** Supplied data **
————————
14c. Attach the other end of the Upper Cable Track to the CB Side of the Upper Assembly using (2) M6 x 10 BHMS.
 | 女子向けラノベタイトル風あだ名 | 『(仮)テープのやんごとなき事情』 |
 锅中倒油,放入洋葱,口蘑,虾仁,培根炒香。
————————
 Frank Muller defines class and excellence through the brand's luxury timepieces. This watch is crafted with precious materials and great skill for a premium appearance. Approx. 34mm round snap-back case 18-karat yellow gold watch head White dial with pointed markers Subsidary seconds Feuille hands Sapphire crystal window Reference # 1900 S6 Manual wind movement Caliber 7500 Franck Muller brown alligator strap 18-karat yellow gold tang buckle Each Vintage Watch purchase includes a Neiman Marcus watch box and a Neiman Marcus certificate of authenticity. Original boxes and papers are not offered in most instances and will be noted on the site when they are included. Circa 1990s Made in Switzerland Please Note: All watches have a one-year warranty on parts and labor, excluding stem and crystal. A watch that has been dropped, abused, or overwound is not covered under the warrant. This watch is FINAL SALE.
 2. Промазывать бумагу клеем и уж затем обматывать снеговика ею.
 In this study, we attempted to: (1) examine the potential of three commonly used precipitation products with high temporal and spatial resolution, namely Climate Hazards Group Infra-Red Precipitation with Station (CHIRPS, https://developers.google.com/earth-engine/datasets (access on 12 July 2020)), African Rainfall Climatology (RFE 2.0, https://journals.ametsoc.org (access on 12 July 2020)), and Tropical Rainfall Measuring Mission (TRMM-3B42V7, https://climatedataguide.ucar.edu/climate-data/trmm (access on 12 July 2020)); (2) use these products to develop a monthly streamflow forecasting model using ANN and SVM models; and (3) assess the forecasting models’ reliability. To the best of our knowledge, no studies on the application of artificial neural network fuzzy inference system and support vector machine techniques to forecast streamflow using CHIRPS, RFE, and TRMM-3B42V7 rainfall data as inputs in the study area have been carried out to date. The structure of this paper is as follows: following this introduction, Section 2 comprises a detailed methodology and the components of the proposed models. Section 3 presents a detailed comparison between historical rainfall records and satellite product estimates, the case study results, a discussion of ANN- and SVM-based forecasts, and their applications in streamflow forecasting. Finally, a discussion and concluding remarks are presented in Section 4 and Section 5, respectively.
————————
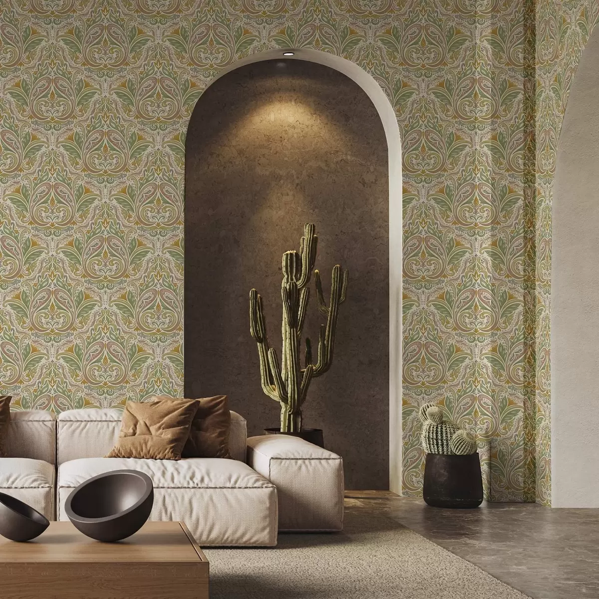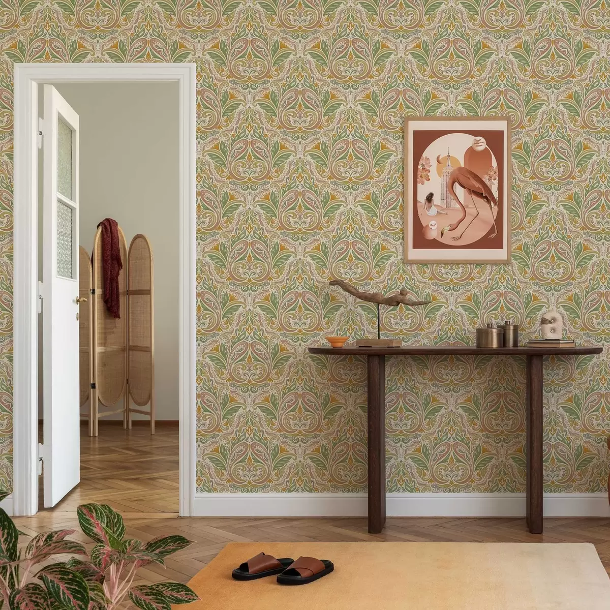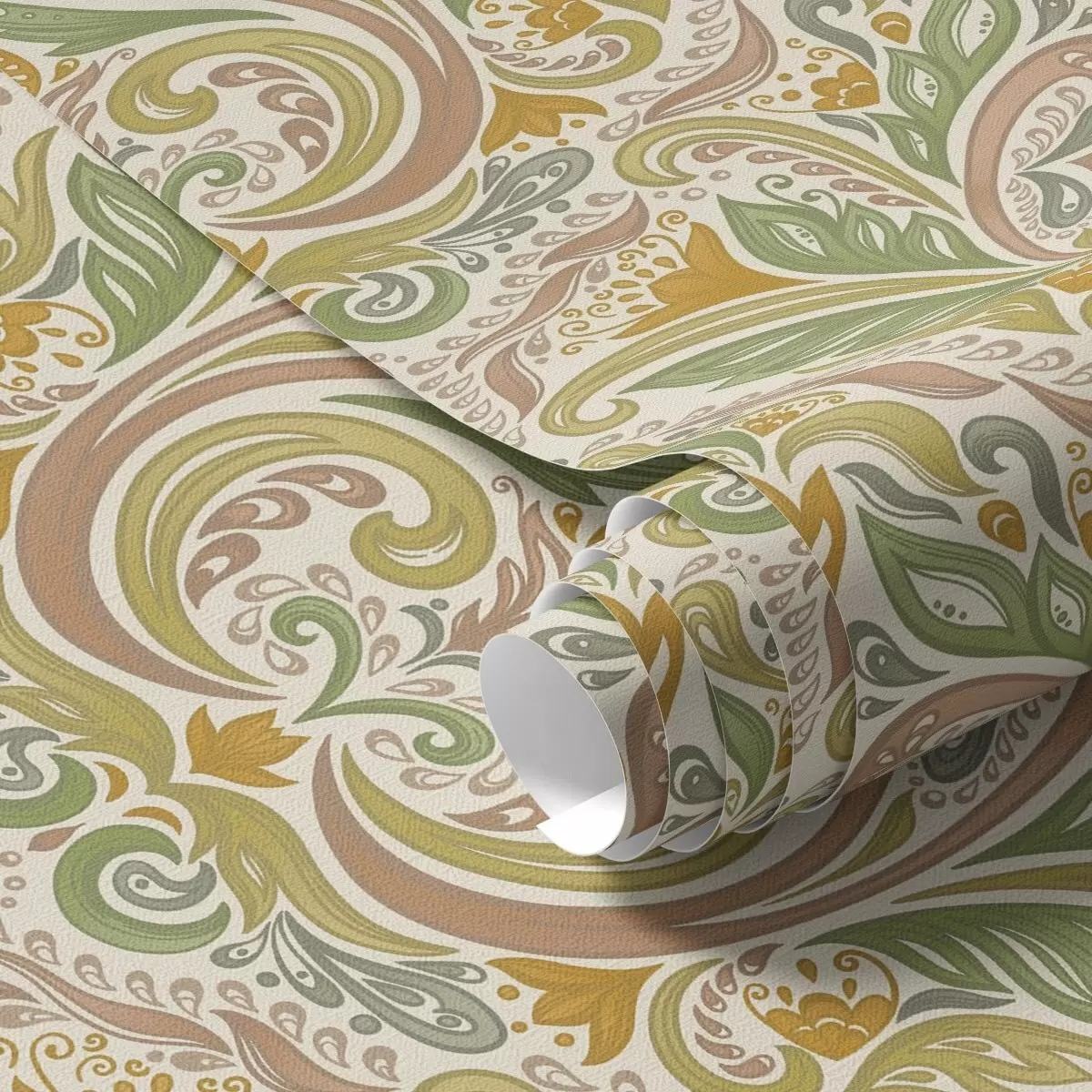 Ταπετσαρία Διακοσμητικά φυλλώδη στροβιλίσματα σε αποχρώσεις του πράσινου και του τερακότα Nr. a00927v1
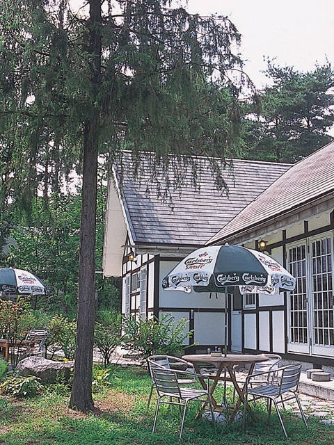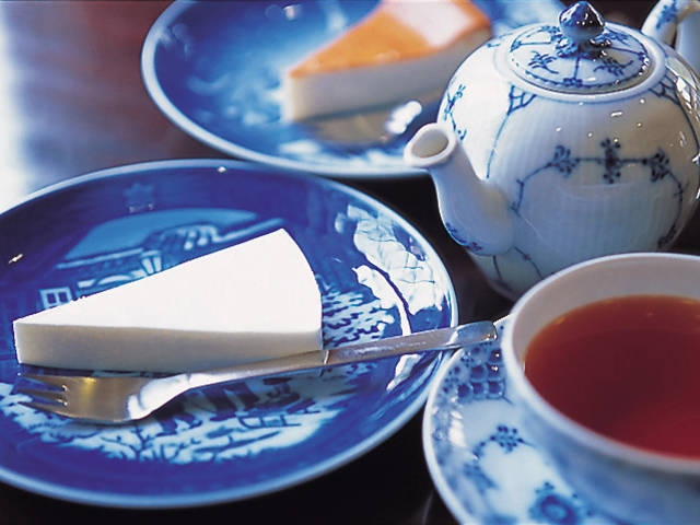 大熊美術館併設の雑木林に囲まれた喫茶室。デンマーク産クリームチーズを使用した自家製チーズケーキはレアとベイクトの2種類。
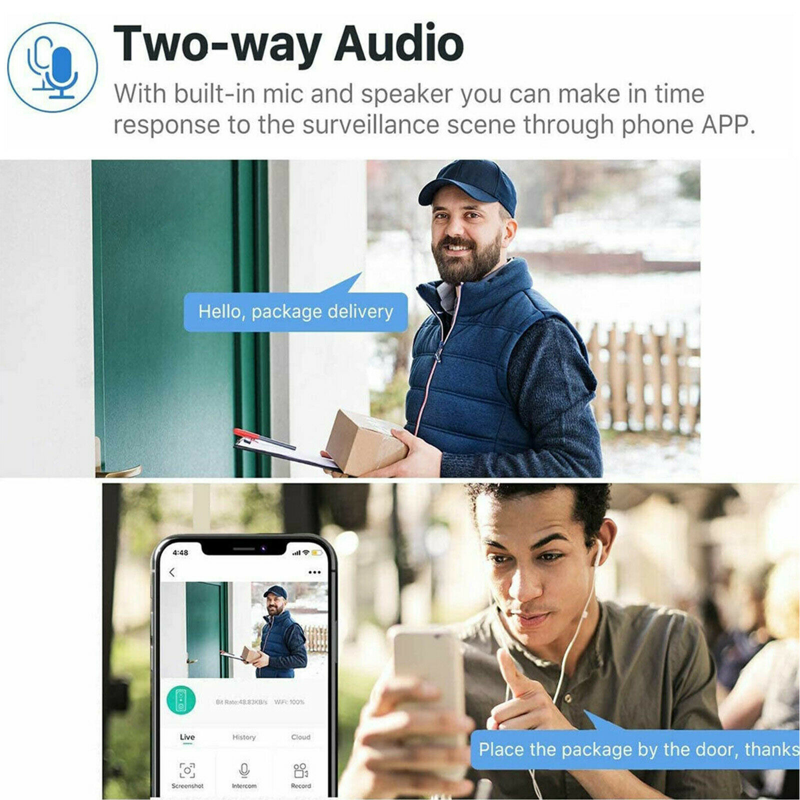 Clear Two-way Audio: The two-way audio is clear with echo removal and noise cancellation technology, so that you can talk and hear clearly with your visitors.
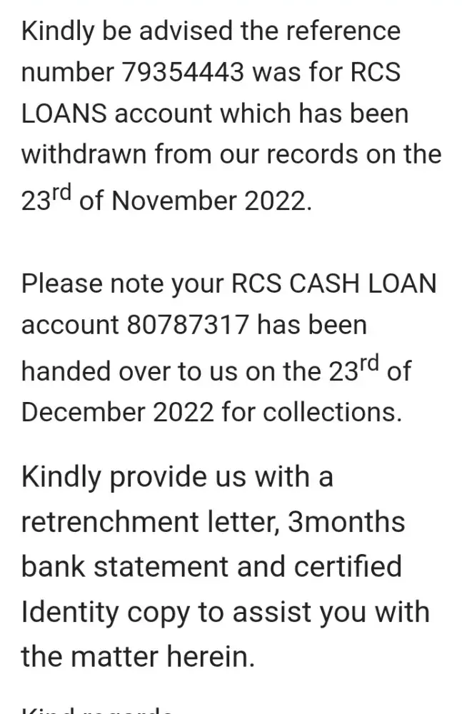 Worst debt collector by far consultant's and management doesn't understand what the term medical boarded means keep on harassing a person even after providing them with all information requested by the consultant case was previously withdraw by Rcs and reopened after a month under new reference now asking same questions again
————————
** What the task asks **
Copy exactly, without pictures, the lines above from the one with "Ταπετσαρία Διακοσμητικά φυλλώδη" down to the one with "Worst debt collector", inclusive.

** Exercise response **
 Ταπετσαρία Διακοσμητικά φυλλώδη στροβιλίσματα σε αποχρώσεις του πράσινου και του τερακότα Nr. a00927v1
 大熊美術館併設の雑木林に囲まれた喫茶室。デンマーク産クリームチーズを使用した自家製チーズケーキはレアとベイクトの2種類。
 Clear Two-way Audio: The two-way audio is clear with echo removal and noise cancellation technology, so that you can talk and hear clearly with your visitors.
 Worst debt collector by far consultant's and management doesn't understand what the term medical boarded means keep on harassing a person even after providing them with all information requested by the consultant case was previously withdraw by Rcs and reopened after a month under new reference now asking same questions again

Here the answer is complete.